I would love to pour a concrete slab but unfortunately there is only one access route to the backyard and it is barely 2' wide so even wheelbarrowing concrete back there would be difficult. And using a pumping truck w/ crane would definitely blow the budget. However this project has been pushed to the fall so we'll see what the budget looks like then.
The main purpose of the building is for outdoor equipment storage as well as bikes and some patio furniture. So the heaviest thing in there will be a pushmower. But you never know what it may be used for in the future so I'd rather err on the strong side.


----------



## GBrackins (Apr 26, 2012)

GeauxCajuns82 said:


> Let me clear a few things up:
> 
> By "runner" I mean the four 2x8x16's
> By "lateral" I mean the 2x6x6's
> The main purpose of the building is for outdoor equipment storage as well as bikes and some patio furniture. So the heaviest thing in there will be a pushmower. But you never know what it may be used for in the future so I'd rather err on the strong side.

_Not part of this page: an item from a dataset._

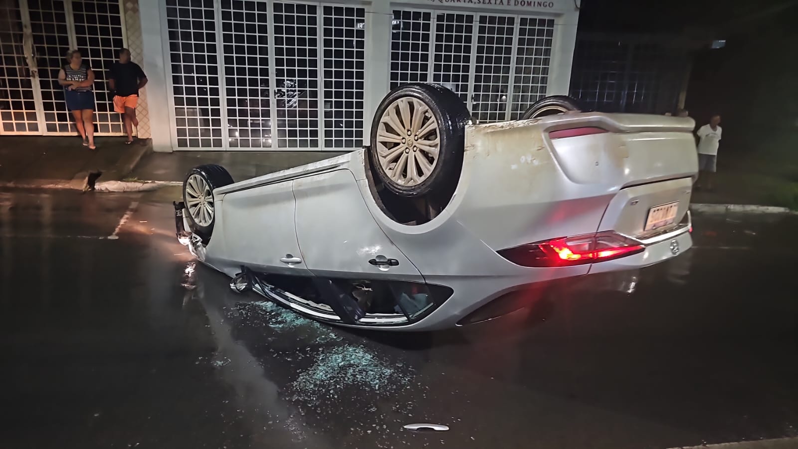 No fim da noite de ontem (03), pouco antes da meia noite, a PM foi acionada a comparecer à avenida Magalhães Pinto, altura dos bairros Brasília e Sion, onde um acidente de trânsito havia ocorrido, deixando duas pessoas feridas e um automóvel Toyota Corolla capotado, interditando a via pública. Os profissionais do SAMU já se encontravam no local e as duas ocupantes do carro, mesmo relutantes em receber atendimento médico, acabaram concordando depois da intervenção de familiares e amigos. Apresentavam lesões aparentes, mas estavam conscientes. A condutora, de 44 anos, alegou que algo teria surgido em sua frente enquanto subiam a avenida. Imagens de câmeras de segurança de pontos próximos mostraram que a condutora colidiu com o carro na traseira de outro automóvel, um VW Parati que estava estacionado, provocando o capotamento do Corolla em seguida. Os militares perceberam que a condutora apresentava forte odor etílico, obtendo dela a informação sobre ter consumido cerveja mais cedo. Foi submetida ao teste do etilômetro, ficando registrado pelo aparelho um teor alcoólico no organismo acima do permitido para a condução de veículo automotor. Desse modo, a condutora recebeu voz de prisão pelo crime de trânsito e seguiu para a delegacia de plantão, em Formiga, onde foi repassada à Polícia Civil para as demais providências legais. O veículo Corolla apresentava danos generalizados e estava com a documentação em estado irregular, sendo removido ao pátio credenciado. Uma equipe do Corpo de Bombeiros também esteve no local e auxiliou na ocorrência. Tanto a condutora (44 anos) quanto a passageira (50 anos) foram medicadas.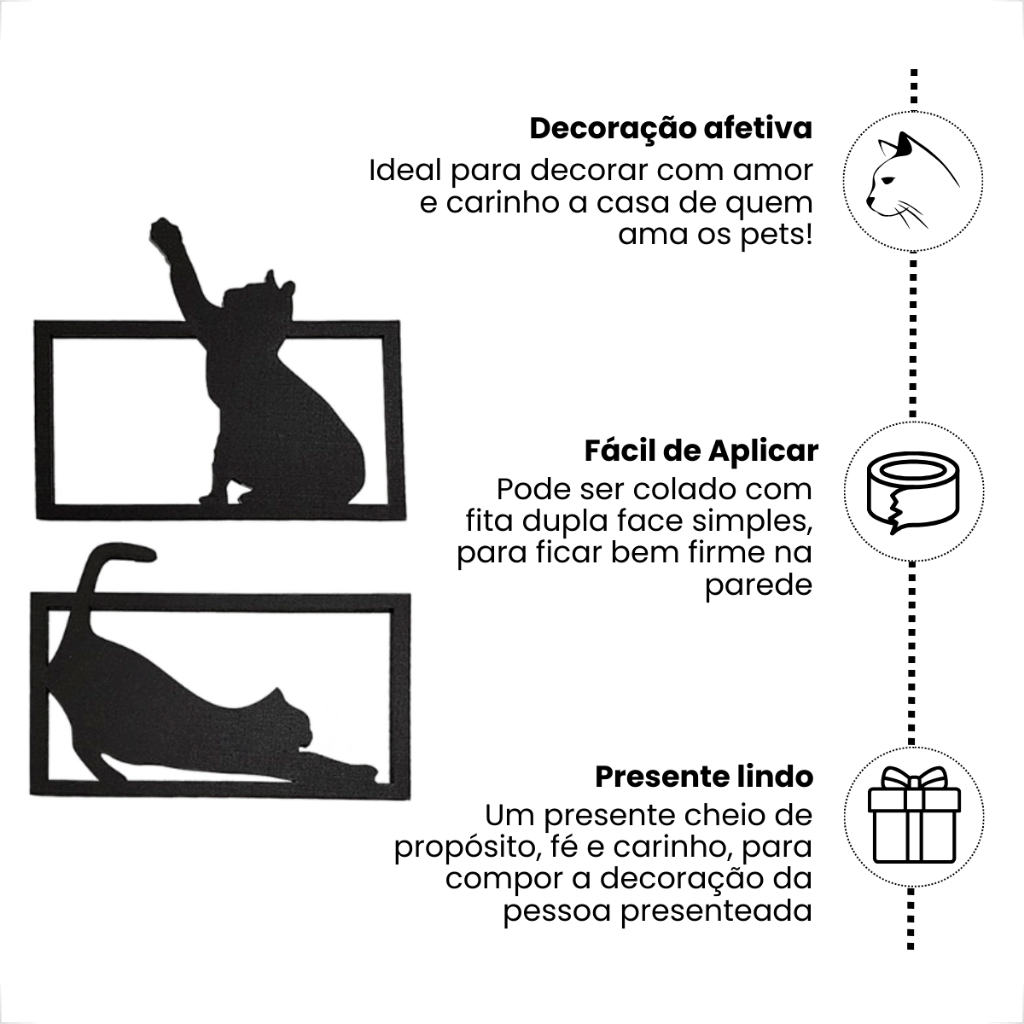 Kit 4 Plaquinhas Decorativas de Gatos em MDF Preto – Decoração Pet para Parede Leve charme, personalidade e amor pelos felinos para qualquer cantinho da casa! Este kit com 4 plaquinhas decorativas de gatos em MDF preto é a escolha perfeita para quem ama pets e busca um toque moderno e criativo na decoração da parede. As plaquinhas pet com silhuetas de gatinhos trazem um estilo artesanal e minimalista que combina com diversos ambientes. MEDIDAS QUADRINHOS: - Altura: 7,5 cm - Comprimento: 9,5 cm - Quarteto: 17cm x 21cm BENEFÍCIOS DO PRODUTO: - Decoração temática para sala, quarto, escritório ou pet shop - Plaquinha decorativa gato com acabamento em MDF preto de alta qualidade - Estilo quadro decorativo moderno e minimalista, ideal para espaços pet lovers - Representações fofas de gatos em diferentes poses: perfeito para quem busca uma decoração de gato em MDF - Ótima opção de presente para apaixonados por pets ou para complementar sua decoração casa pet lovers INCLUSO: - 4 unidades de quadros decorativos pet em MDF preto, modelo vazado APLICAÇÃO NA PAREDE: - Pode ser fixado com fita dupla face, cola quente ou tachinhas (não inclusos). Ideal para quem procura placa decorativa pet com instalação prática e rápida. Renove seu espaço com charme, estilo e muito amor pelos gatos. Adquira agora esse kit de plaquinhas MDF gato e transforme sua decoração com um toque felino!

I would recommend (2)2x12 for your runners, the center runner support 1/2" of the floor load of your shed.

the outer runners (under the load bearing walls) support the weight of the wall plus 1/2 the weight of the roof, and 1/4 the floor load

your laterals can be 2x6 at 16" o.c., but I'd recommend 2x8 at 16" o.c., the taller the better as that will provide you with less bounce or vibration

The live load I used is more than what would be required for your living room.

Good luck! :thumbsup:


----------



## stadry (Jun 20, 2009)

funny thing about sheds & garages,,, IF you have the space, you'll fill it :laughing: the corrolary is whatever you use to fill it will always weigh more than you thought :thumbsup: MUCH easier to build it stout now rather'n later when you notice sagging floors :laughing:


----------



## jagans (Oct 21, 2012)

How about renting a couple of motorized Georgia Buggy's? You could pour a monolithic slab down where you are.


----------